• WHAT YOU ARE ASKED TO DO:
When the line containing "kulatého přepadu umyvadla" is found in the data below, give it again along with every later line, exactly; drop the pictures.
══ INFORMATION SHOWN ══
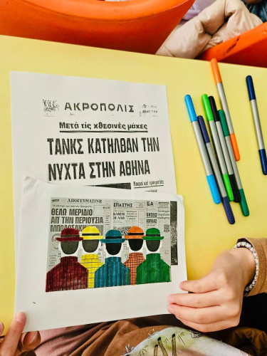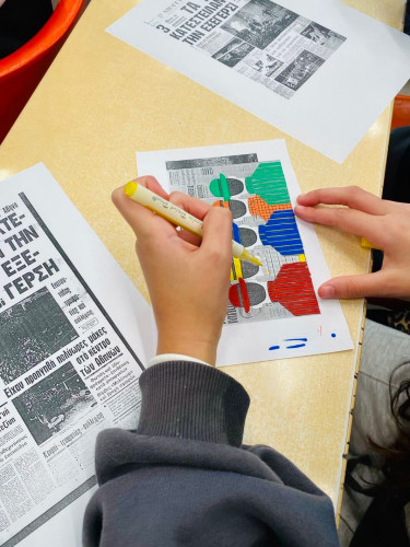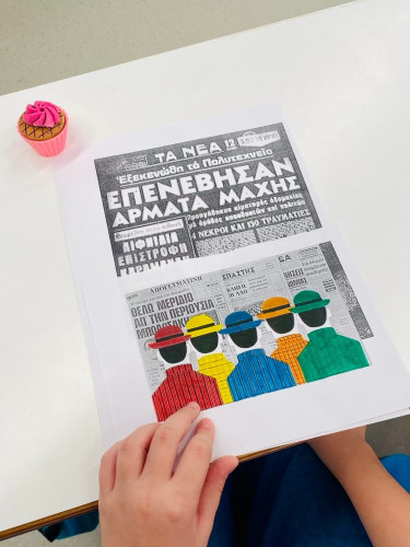 17 Νοεμβρίου 2025Οι μαθητές μας της Ε΄τάξης άρχισαν να ξεφυλλίζουν τα πρωτοσέλιδα των εφημερίδων που αποτυπώνουν ακόμα τα γεγονότα που σημειώθηκαν τις πρώτες πρωινές ώρες, της 17 Νοεμβρίου 1973. «Τα τανκς κατέστειλαν την εξέγερση», «Τανκς κατήλθαν τη νύχτα στην Αθήνα», «Εξάωρη μάχη στην Αθήνα» είναι κάποιοι από τους τίτλους που παρουσιάζουν τι συνέβη πραγματικά εκείνες τις ημέρες στην Αθήνα και όχι μόνο. Στη συνέχεια, συνδυάζοντας τις πληροφορίες που έμαθαν με τον πίνακα του Γιάννη Γαϊτη «Λαθραναγνώστες» τα παιδιά πέρασαν το δικό τους μήνυμα της ανάγκης για φωνή και ελευθερία εκείνη την εποχή. Μέσα από δραστηριότητες αντιλήφθηκαν καλύτερα τη σημασία λέξεων σχετικών με την ημέρα του Πολυτεχνείου, ενώ άκουσαν και τραγούδια γραμμένα στη μνήμη όσων έδωσαν τη ζωή τους για την πτώση της δικτατορίας.
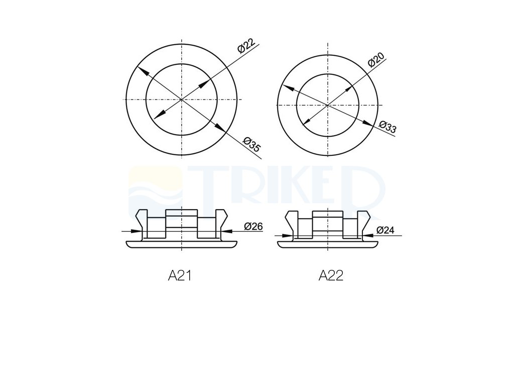 • plastová krytka pro vložení do kulatého přepadu umyvadla
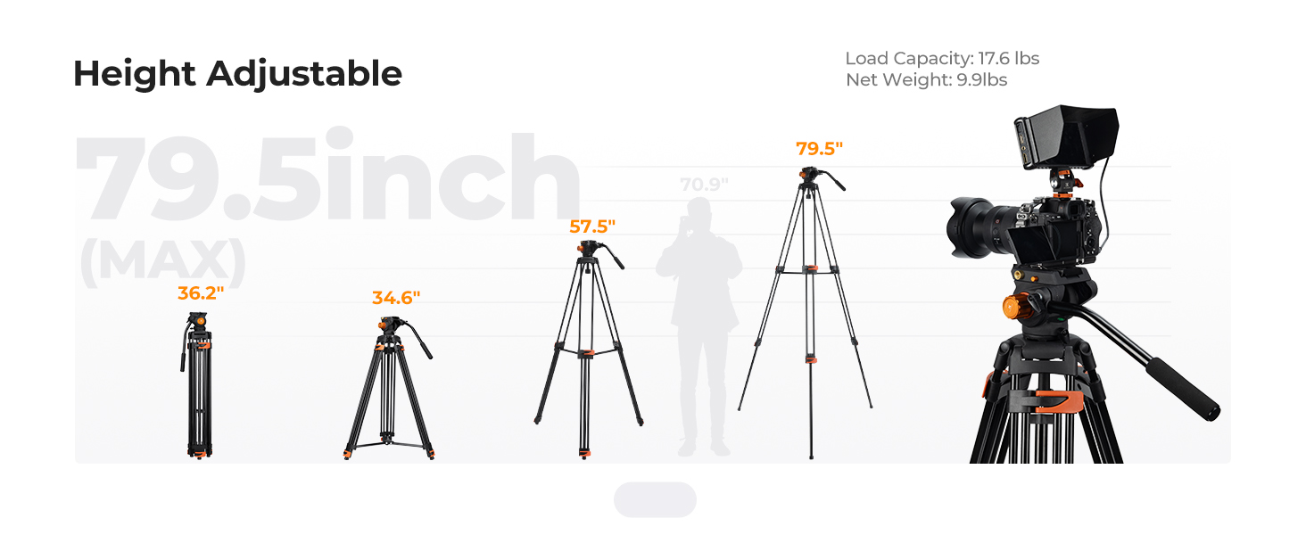 【Height Adjustment & Easy Portability】3 section telescopic legs and flip locks enable this shooting tripod to extend from 34.6" to 79.5". The tripod can be folded to 36.2" and fit in the carrying bag for easy storage and transportation.
═══
• SOLUTION FOR THIS PROBLEM:
 • plastová krytka pro vložení do kulatého přepadu umyvadla
 【Height Adjustment & Easy Portability】3 section telescopic legs and flip locks enable this shooting tripod to extend from 34.6" to 79.5". The tripod can be folded to 36.2" and fit in the carrying bag for easy storage and transportation.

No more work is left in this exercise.